=== Required work ===
Write again exactly the lines in the listing below, starting at the line with "Un día el médico" and ending at the line with "- Evenly pour", both included. Pictures are not copied.

=== Task input ===
-- Opening Marker --

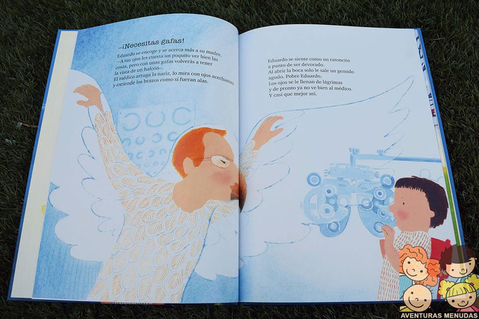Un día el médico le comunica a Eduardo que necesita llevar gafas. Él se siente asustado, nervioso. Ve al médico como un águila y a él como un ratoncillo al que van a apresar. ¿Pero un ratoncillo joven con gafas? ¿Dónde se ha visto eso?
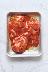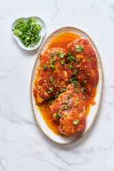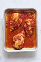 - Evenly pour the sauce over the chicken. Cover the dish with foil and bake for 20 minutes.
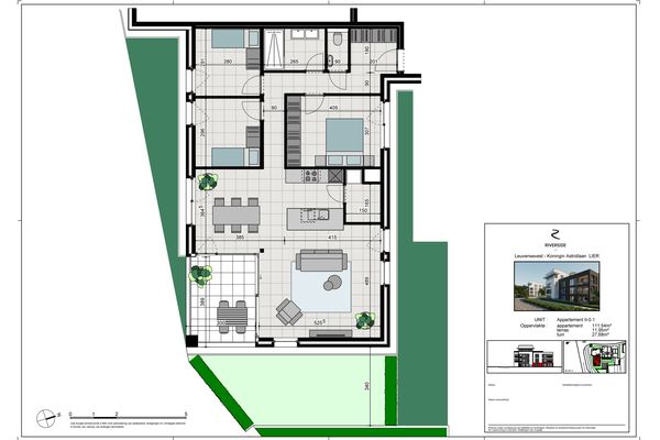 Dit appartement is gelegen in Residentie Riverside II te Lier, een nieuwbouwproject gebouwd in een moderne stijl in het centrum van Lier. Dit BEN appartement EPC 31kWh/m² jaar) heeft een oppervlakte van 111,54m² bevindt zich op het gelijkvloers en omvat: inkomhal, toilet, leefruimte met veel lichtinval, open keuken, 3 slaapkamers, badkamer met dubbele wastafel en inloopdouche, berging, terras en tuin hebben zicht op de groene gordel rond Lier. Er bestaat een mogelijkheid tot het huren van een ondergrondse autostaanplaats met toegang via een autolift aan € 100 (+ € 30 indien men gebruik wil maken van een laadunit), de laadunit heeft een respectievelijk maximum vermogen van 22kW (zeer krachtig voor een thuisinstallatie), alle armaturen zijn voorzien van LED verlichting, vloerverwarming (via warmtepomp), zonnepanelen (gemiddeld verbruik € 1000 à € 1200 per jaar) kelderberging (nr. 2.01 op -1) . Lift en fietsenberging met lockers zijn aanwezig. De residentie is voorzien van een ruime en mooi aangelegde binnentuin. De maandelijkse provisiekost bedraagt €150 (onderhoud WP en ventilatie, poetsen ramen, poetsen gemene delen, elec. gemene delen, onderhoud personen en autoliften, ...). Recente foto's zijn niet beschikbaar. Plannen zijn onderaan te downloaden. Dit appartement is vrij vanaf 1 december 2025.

-- Closing Marker --
-- Opening Marker --

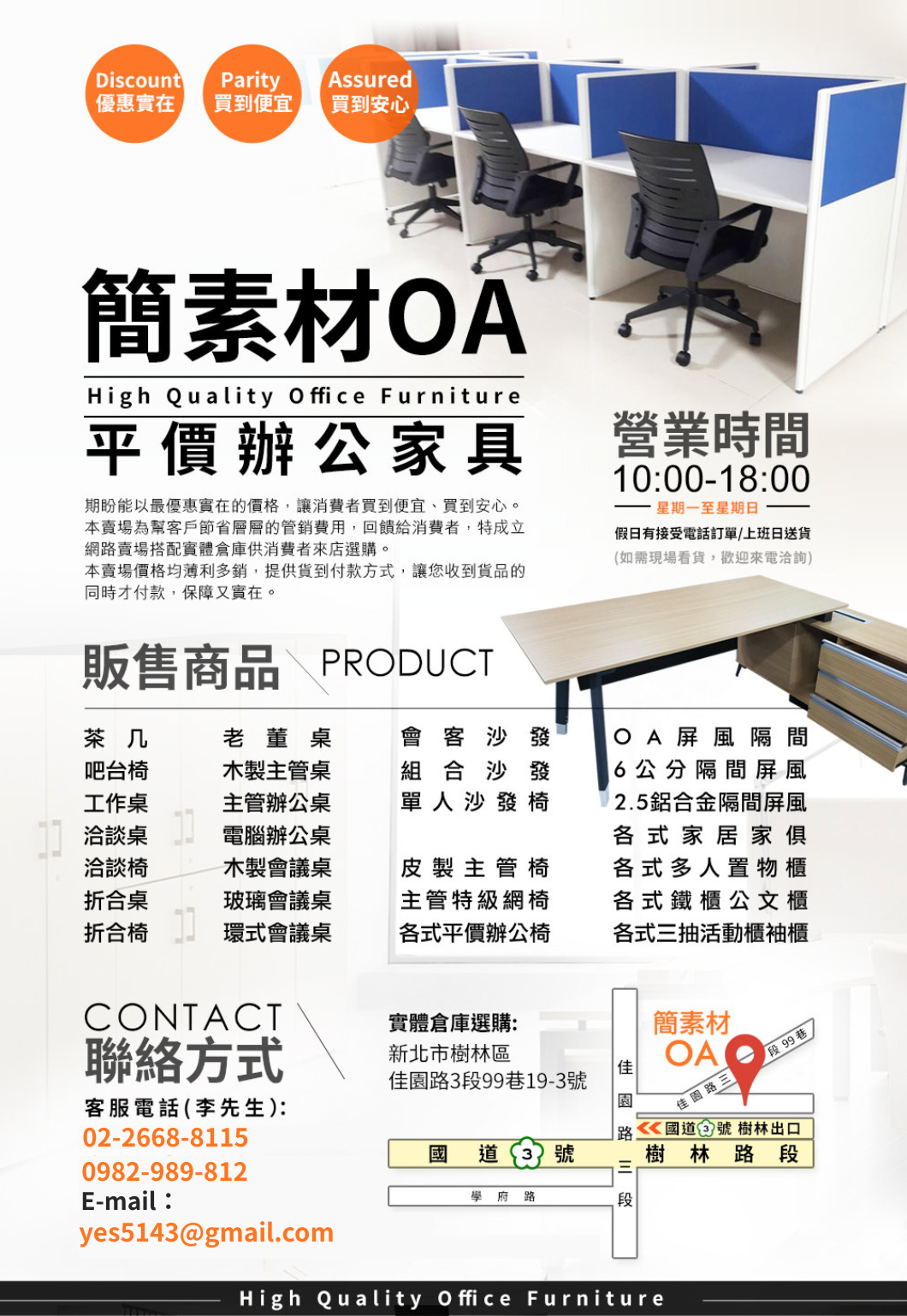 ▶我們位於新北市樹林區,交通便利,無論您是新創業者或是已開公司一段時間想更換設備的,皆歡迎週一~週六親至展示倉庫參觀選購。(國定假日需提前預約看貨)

-- Closing Marker --

=== Exercise output ===
Un día el médico le comunica a Eduardo que necesita llevar gafas. Él se siente asustado, nervioso. Ve al médico como un águila y a él como un ratoncillo al que van a apresar. ¿Pero un ratoncillo joven con gafas? ¿Dónde se ha visto eso?
 - Evenly pour the sauce over the chicken. Cover the dish with foil and bake for 20 minutes.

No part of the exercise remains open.